One huge upside to the new Exposure Notifications Express tool, however, is that states no longer have to spend the time or money developing their own apps. They may not have to do much marketing, either. In states or regions that have enabled Exposure Notifications Express, a prompt will pop up on phones with the latest version of Apple’s or Android’s operating system and alert the user that the tool is available to them. The user just taps the screen to enable it. For Apple users, that’s all it takes to turn the tool on. Android users will then need to download an app that Google automatically generates for public health authorities. All public health authorities have to do is give Apple and Google some basic information and set up servers to host Bluetooth keys and exposure verification.

“As the next step in our work with public health authorities on Exposure Notifications, we are making it easier and faster for them to use the Exposure Notifications System without the need for them to build and maintain an app,” Apple and Google said in a statement. “Exposure Notifications Express provides another option for public health authorities to supplement their existing contact tracing operations with technology without compromising on the project’s core tenets of user privacy and security.”

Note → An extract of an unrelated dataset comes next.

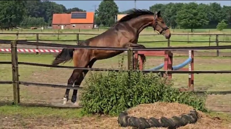 Ein junger Hengst mit großem Herzen, klarem Kopf und internationalem Sportblut Manche Pferde überzeugen durch Leistung, andere durch ihren Charakter. Gajano vereint beides. Gajano ist am 17.02.2024 geboren. Gajano ist kein lauter Typ, sondern ein junger Hengst, der aufmerksam zuhört, mitdenkt und Vertrauen schenkt. Ein Pferd, das man nicht nur ausbildet, sondern mit dem man gemeinsam wächst. Was Gajano besonders macht, ist sein außergewöhnlich angenehmes Wesen. Er ist sehr menschenbezogen, sucht aktiv den Kontakt und zeigt sich im täglichen Umgang freundlich, neugierig und kooperativ. Neue Situationen meistert er unerschrocken und nervenstark, ohne dabei überdreht zu reagieren. Er arbeitet gerne mit, zeigt eine klare Arbeitsbereitschaft und bleibt dabei stets ausgeglichen. Für sein junges Alter bringt er bereits eine bemerkenswerte innere Ruhe mit. Neue Eindrücke nimmt er interessiert und gelassen auf. Man merkt ihm an, dass er lernen möchte und Freude daran hat, Aufgaben gemeinsam mit dem Menschen zu lösen. Gajano kennt bereits das Grund ABC im Umgang, altersgerechte Bodenarbeit sowie lange, ruhige Spaziergänge im Gelände, auch außerhalb des Hofes. Dabei zeigt er sich stets brav, aufmerksam und mutig. Eigenschaften, die man nicht antrainieren kann, sondern die tief im Charakter verankert sind und später im Sport den entscheidenden Unterschied machen. Abstammung Auch seine Genetik erklärt vieles von dem, was Gajano bereits jetzt zeigt. Sein Vater Goldberg KWPN ist ein dressurbetonter Hengst mit sehr guter Rittigkeit und überzeugenden Grundgangarten. Er war zweiter Reservesieger der westfälischen Körung und ist bekannt dafür, typvolle, leichtrittige und kooperative Nachkommen zu vererben, Pferde, die Spaß machen und sich ehrlich ausbilden lassen. Die Mutter Szandi, eingetragen im Stutbuch I des ungarischen Warmbluts, bringt Substanz, Härte und Leistungsbereitschaft mit. Sie gibt ihrem Sohn nicht nur Kraft, sondern auch mentale Stärke und Ausgeglichenheit. Der Muttervater Kalmers d’Ariel Selle Français ist ein Sohn des legendären Diamant de Semilly, einem der erfolgreichsten Springvererber der Welt, international bis 1,60 Meter erfolgreich, Team Weltmeister und Vater unzähliger Grand Prix Pferde. Ergänzt wird diese Linie durch ungarisches Gidran Blut, bekannt für Gesundheit, Langlebigkeit und Zuverlässigkeit. Sportliche Perspektive Gajano vereint genetisch wie charakterlich beste Voraussetzungen für den Sport. Er zeigt gute Grundgangarten, natürliche Balance und lässt deutliches Springvermögen mit Kraft und Technik erwarten. Gajano eignet er sich hervorragend für den Springpferdesport, die Vielseitigkeit oder eine vielseitige Grundausbildung mit späterer Spezialisierung. Dank seines klaren Kopfes und seiner Menschenbezogenheit ist er besonders interessant für Reiter, die Wert auf ein ehrliches, mutiges und verlässliches Nachwuchspferd legen. Kurzinfos Name Gajano vom Derkingshof Rasse Westfälisches Reitpferd Geschlecht Hengst Farbe Schwarzbraun Geboren 17.02.2024 Korrekt registriert und mikrogechipt Altersgemäß gefördert und bestens sozialisiert ✨ Fazit Gajano ist ein junges Pferd, das man nicht nur sieht, sondern fühlt. Ein Hengst mit feinem Charakter, großem Vertrauen zum Menschen und einer Abstammung, die alle Türen offenlässt. Ein Nachwuchspferd für Menschen, die nicht nur Leistung suchen, sondern einen echten Partner für die Zukunft. Standort: Legden 01514 1677577 Weitere Informationen, Fotos und Videos gerne auf Anfrage.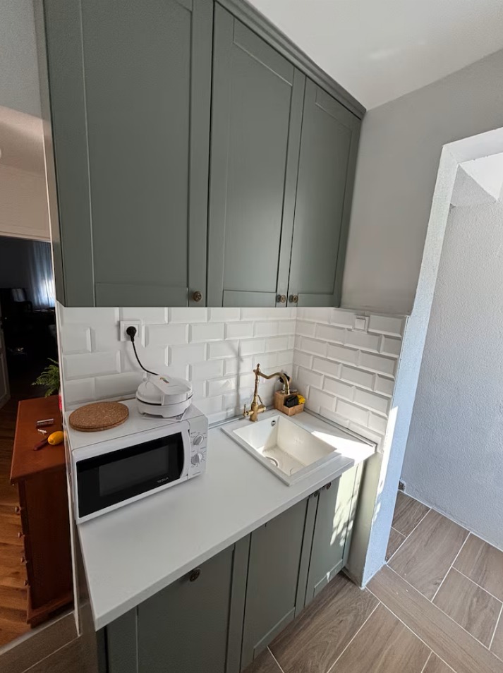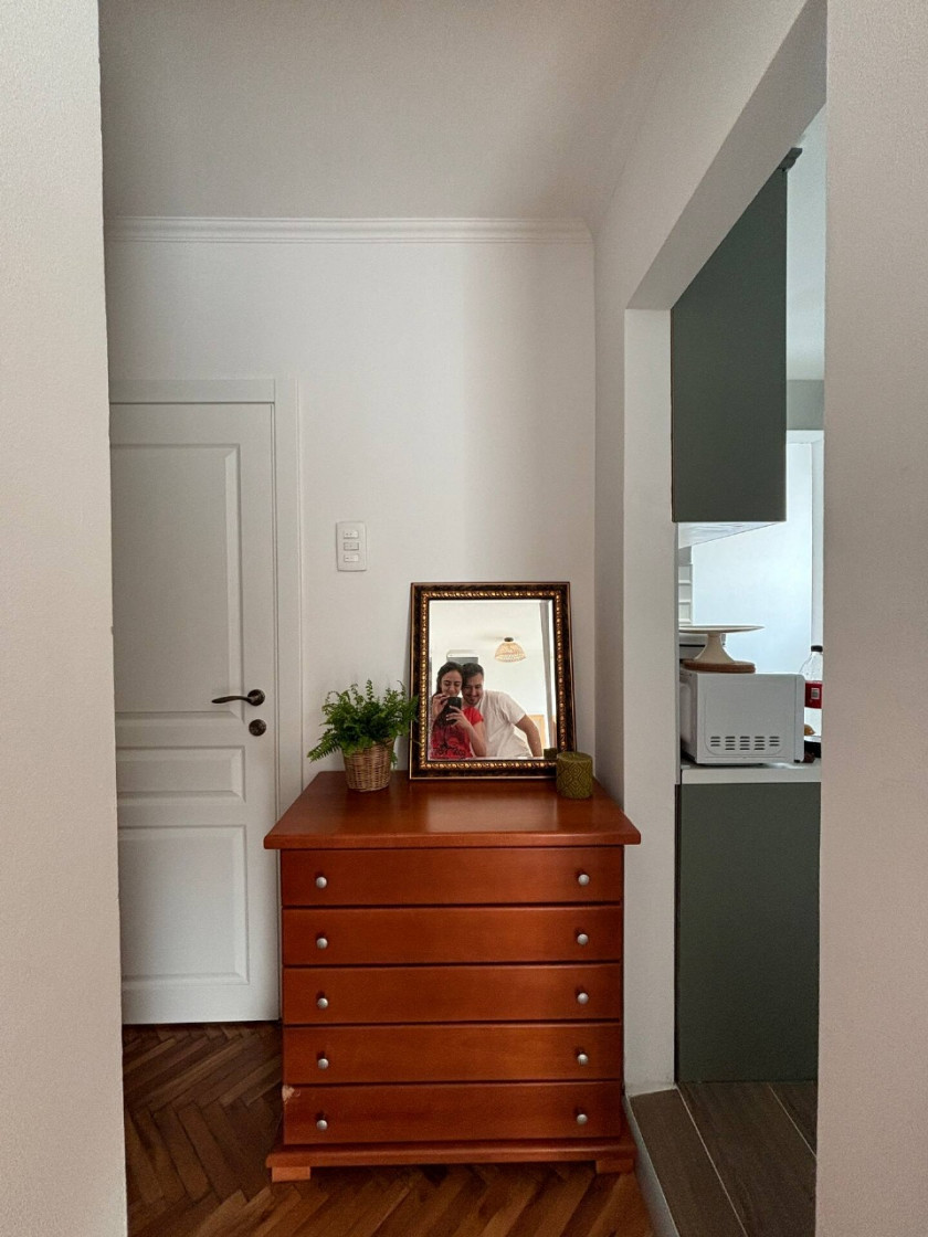 Structure of the apartment: hallway, living room with kitchen and dining table, a bedroom, a bathroom and a terrace.

Countries around the world have spent weeks trying various methods of contact tracing. The basic idea is that public health agencies can use contact tracing to notify people when they’ve potentially been exposed to the coronavirus so they can then quarantine and get tested accordingly. Contact tracing also helps track the virus’s spread, and that part is usually done manually, using human beings. Digital contact tracing tools, however, are designed to do this by using devices like smartphones to alert users when they’ve been close to a device tied to someone who’s potentially been exposed to the virus. The process of notifying people of potential exposure is where the Apple-Google exposure notification tool comes in handy.

The tool works by sending out and receiving anonymous Bluetooth “keys” from nearby phones that also have the tool enabled. If someone tests positive for the coronavirus, they can notify their public health authority, which will then send out alerts to any phones that were in proximity to the infected person’s phone. The system is designed to keep as much information as possible on individual phones and preserve user privacy. Very little information goes back to the public health authority, and users always have the option to opt in or out of the tool. Apple and Google have said that user privacy was a major consideration in their development of the tool, to encourage as many people to use it as possible. The two companies worked together on the project to allow the tool to work across their iOS and Android operating systems.

Contact tracing apps haven’t lived up to their potential so far, but Exposure Notifications Express should make it as easy as possible for public health authorities to implement them and people to enable them. Now we might get a chance to see what digital contact tracing apps can do — if it isn’t too late, six months into the pandemic, for them to make a difference.